| The Golden Gate of Prayer |
Chapter 1 |
Page 7 |
The Lord’s Prayer has its earnest warning against putting selfish and earthly desires first. We must confess that even into our praying self is apt to creep — not self only, but the lower self. Especially in our secret prayers the tendency is to speak to our Father in the first person singular, our thoughts absorbed altogether in our own wants to the exclusion of the needs of all others. This tendency is rebuked in the phrasing of this form of prayer, where we are taught to approach God as “Our Father,” not “My Father,” and to plead, “Give us our daily bread,” “Forgive us our debts,” “Deliver us from evil” We may not forget others even when we bow alone before God. The last place in the world where we should carry our selfishness is into God’s presence when we pray to him.

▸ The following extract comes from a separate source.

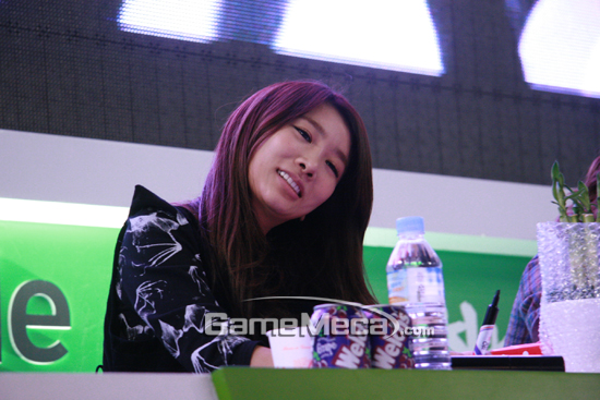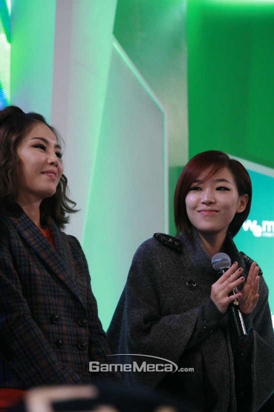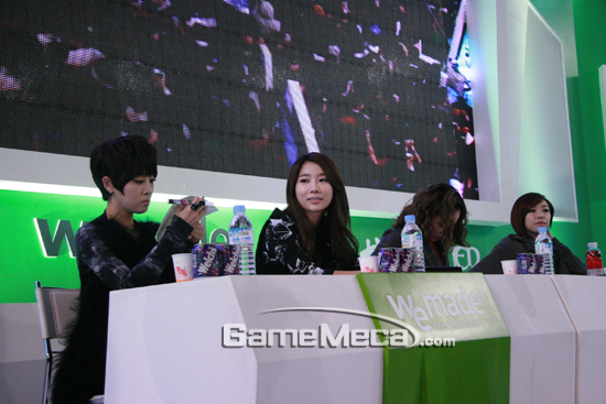 둘째 날의 지스타 스타는 단연 브라운아이드걸즈. 2시경 위메이드 부스를 찾은 브라운아이드걸즈는 1시간동안 싸인회와 퀴즈쇼를 진행하며 행사장을 찾은 게이머들과 호흡을 같이 했다. 브라운아이드걸즈가 방문한 위메이드 부스는 그야말로 발 디딜틈도 없이 사람들이 몰려 성황을 이뤘다.

No doubt, however, there is a sense in which we should pray much for ourself, for the time shutting out every other person. Our fellowship with God must be individual. Yet in this personal part of our praying there is need also of great watchfulness, lest we do not seek for ourself the things that are really best. Our desires are apt to gravitate earthward, and the danger is that we choose lower rather than higher things; that we plead to be saved from costly self-denials rather than to receive the spiritual blessings which are folded up in self-denials; that we ask for worldly prosperity rather than for likeness to Christ.
Perhaps it were better if we should pray less than we do — that is, if ofttimes we should decline to choose at all for ourself, or to make any definite requests, simply pleading with God to bless us, and referring especially all that concerns earthly things to his wisdom and love. A minister sat with a father and mother by the bed of a child, who was hovering between life and death. He was about to pray for the little sufferer, and turning to the parents he asked, “What shall we ask God to do? After some moments the father answered, with deep emotion: “I would not dare to choose. Leave it to him.”